Though “Potter” scribe J.K. Rowling has since revealed that Harry and Ron’s third musketeer, the brilliant Hermione (Emma Watson), should have ended up with Harry instead of Ron, Grint supports the published canon.

“I have heard these theories. I think on paper, it makes probably more sense that she ends up with Harry,” the Gryffindor told The News. “The Ron and Hermione thing was brewing for a long time, it’s that kind of classic thing. … I like how it all came together. It kind of made sense to me in a way.”

The pair spent the bulk of the series bickering about everything (Ron’s “emotional range of a teaspoon,” Hermione’s constant mothering) before sharing a passionate kiss in the throes of mortal danger, which led to marriage, two children, and Ron’s … unflattering comb-over.

Grint says he’s never rewatched the films and told The News that he only saw the first film, 2001’s “Sorcerer’s Stone” last year.

“It’s just something I’ve never really wanted to (watch),” Grint explained to The News. “Not that it’s kind of cringey or anything, but I mean … it was us growing up. It kind of documents our (lives). … And the most awkward stages of being a teenager, and so it’s a weird thing.

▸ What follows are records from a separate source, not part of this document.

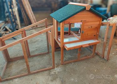 Vendo per inutilizzo una casetta/pollaio per galline. È stata usata per un mesetto, con due galline. In parte è montata, si allegano foto del modello (preso dal web) e dell'articolo in vendita così come si presenta, nel caso posso inviare ulteriori foto se concretamente interessati. Non sono riuscita a caricare subito tutte le foto sul sito.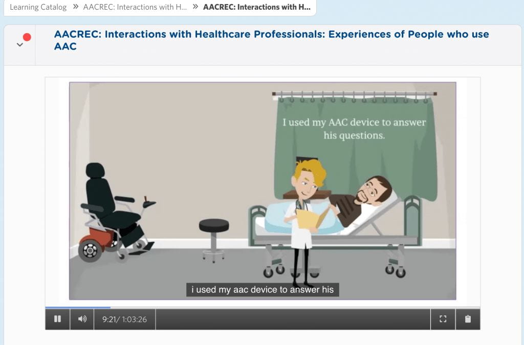 The presentation included animated recreations of the experiences of people who use AAC during medical interactions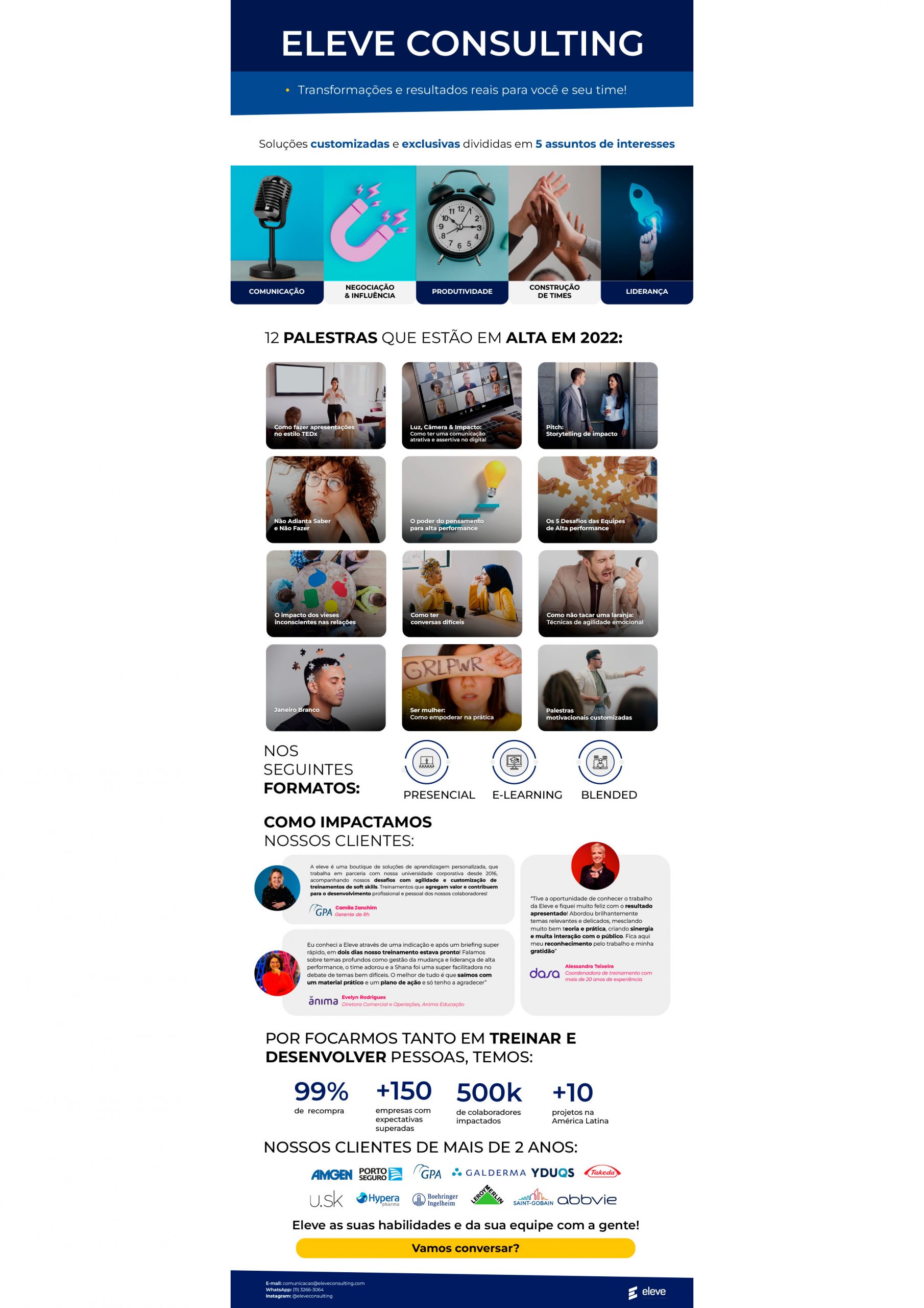 Atuamos em 5 transversais: Comunicação, Negociação, Liderança, Construção de Times e Produtividade. Com um índice de recompra de 99%, construímos cases de sucesso desde 2016 em empresas como: Novartis, Sanofi, Dasa, VLI, Locaweb, Nestlé, Magalu.

It’s a weird perspective watching them.”

And while Grint might not yet have “detached … enough” from the later films, he added that the films were “a huge part of our lives and something I’m immensely proud of being a part of.”

Grint admitted he’s uncertain if “Potter” fans’ expectations influence which roles he’s taken since playing the youngest Weasley boy, adding, “It’s never really a conscious thing.”

In M. Night Shyamalan’s new series, “Servant,” the redhead plays Julian, the brother of Dorothy (Lauren Ambrose), whose infant son, Jericho, died only weeks earlier. Stuck in the denial-stage of grief, Dorothy and husband Sean (Toby Kebbell) take care of a baby doll used to substitute the real thing, which is mysteriously replaced by an unfamiliar living baby after they hire an eerie young nanny, Leanne (Nell Tiger Free).

Grint, who has “always been a huge fan” of the “Sixth Sense” director and felt “addicted to the scripts,” told The News that joining the half-hour thriller was “kind of a no-brainer.”

“We don’t have any fat, we just kind of go straight to this moment,” Shyamalan, 49, told The News last week, also at The Whitby. “With film you have to create a language, get people fluent in that language, do the conflict and then resolve it, all in two hours. … But in this long-form … you have more room for character.”

The “Signs” director, who is most well-known for his third-act twists, giddily admitted, “There’s definitely a ‘What the (expletive) quality” to the show.

“There’s some really weird and shocking scenes … and they’re visceral,” Shyamalan explained. “You just have to keep watching because it’s so bizarre.”